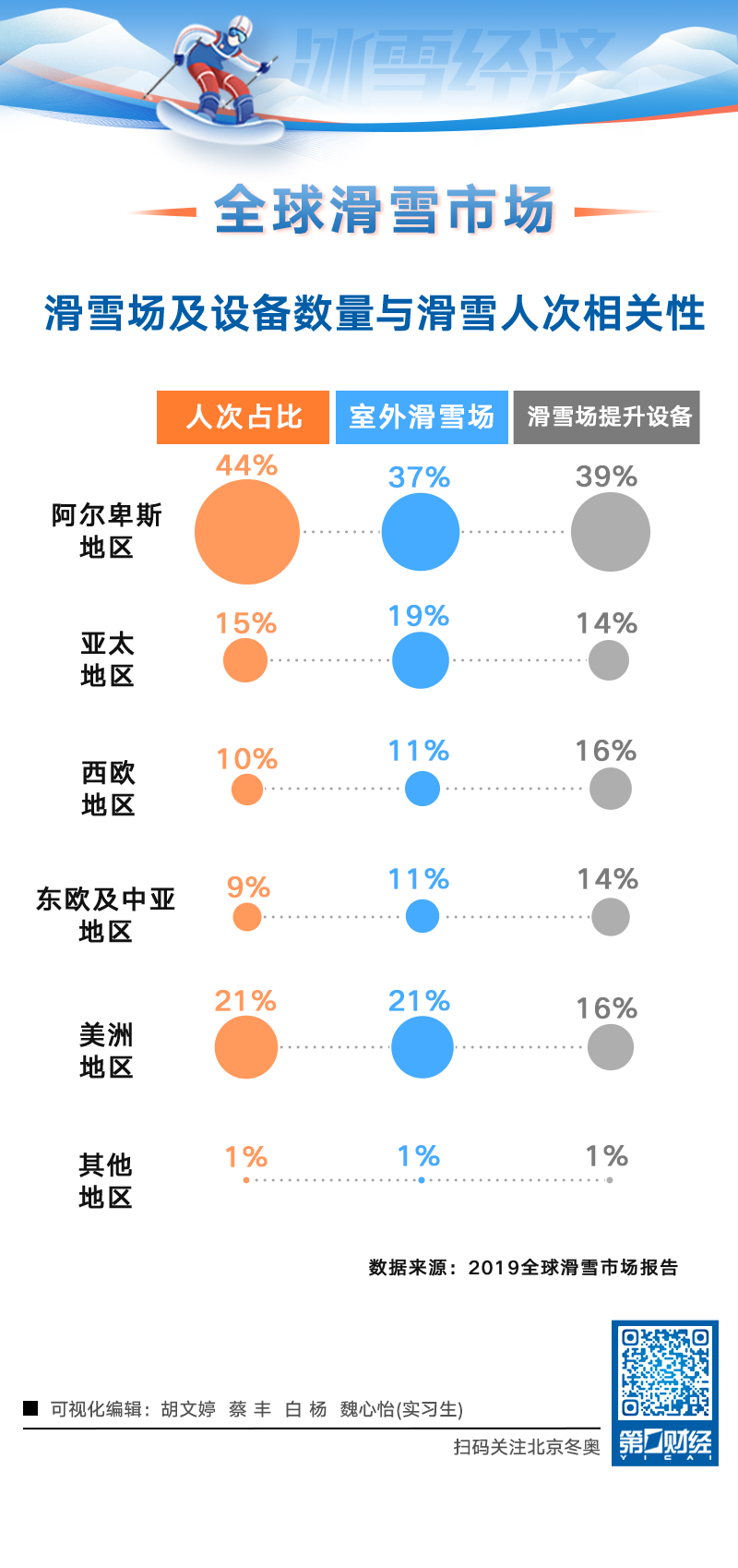 作为地球上最大的滑雪市场,阿尔卑斯山区的滑雪场占有了全球44%的滑雪人次数,这个地区的设施也是最齐备和先进的,拥有超过一万条索道。在《2019全球滑雪市场报告》中,可以清楚看到,这种滑雪场数、硬件设施和滑雪者参与率的正相关性也覆盖到了包括亚太、西欧、东欧、美洲在内的其他地区。
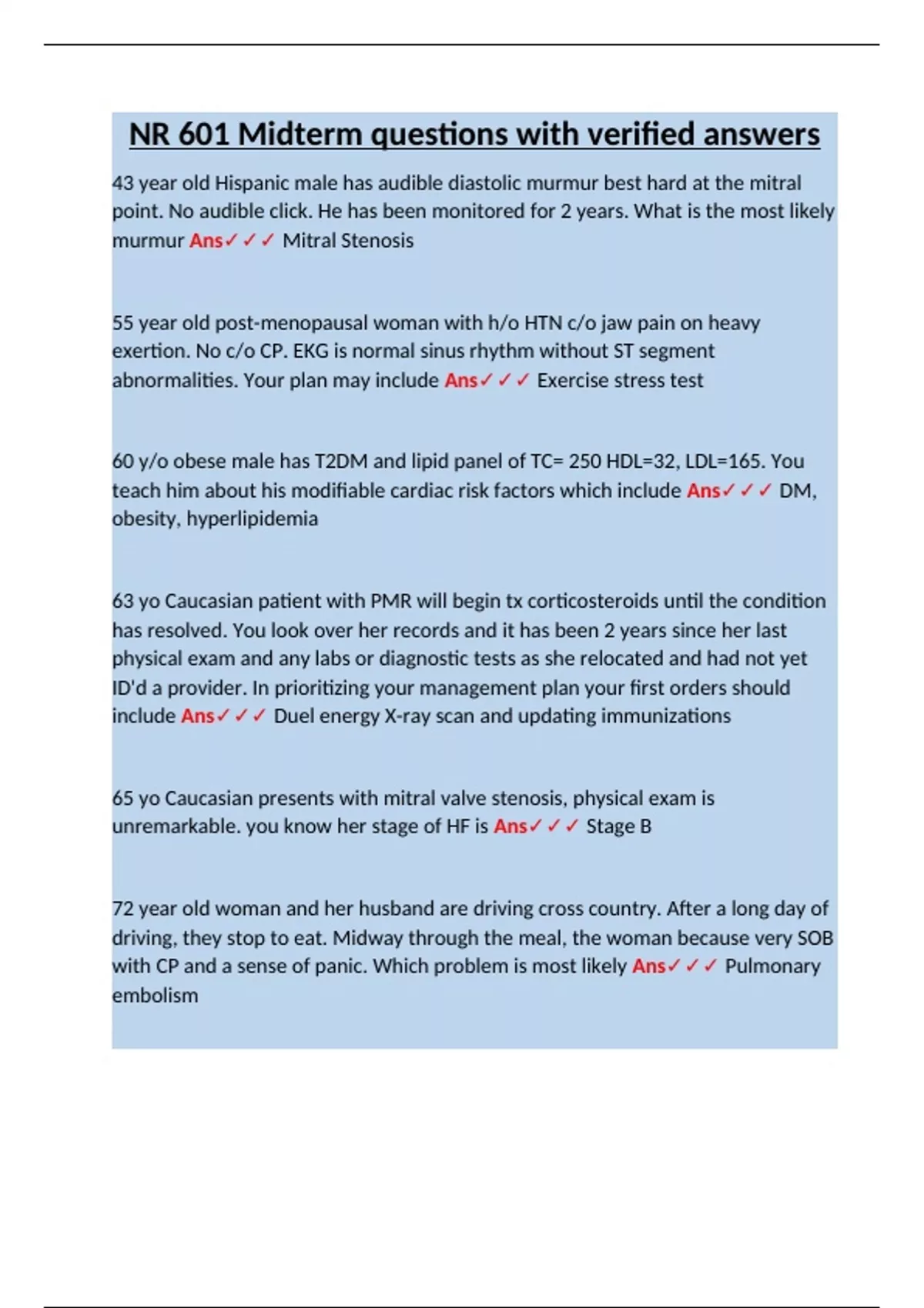 murmur Ans✓✓✓ Mitral Stenosis
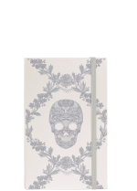 Lace Collection notebook with a light grey satin cover and an embroidery effect design
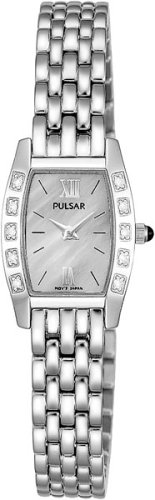 Quartz movement, Dress watch, Silver-tone hands and Roman numerals, Black indexes, Stainless steel bezel is set with 10 genuine diamonds, Stainless steel bezel, cabochon crown with black gemstone, case and caseback, Mineral crystal, 30 meters/100 feet water resistant

* * * * * * *

Only the lines from the one containing "murmur Ans✓✓✓ Mitral Stenosis" through the last line of the data above, both included, belong in the reply, each restated exactly and without pictures.

 murmur Ans✓✓✓ Mitral Stenosis
 Lace Collection notebook with a light grey satin cover and an embroidery effect design
 Quartz movement, Dress watch, Silver-tone hands and Roman numerals, Black indexes, Stainless steel bezel is set with 10 genuine diamonds, Stainless steel bezel, cabochon crown with black gemstone, case and caseback, Mineral crystal, 30 meters/100 feet water resistant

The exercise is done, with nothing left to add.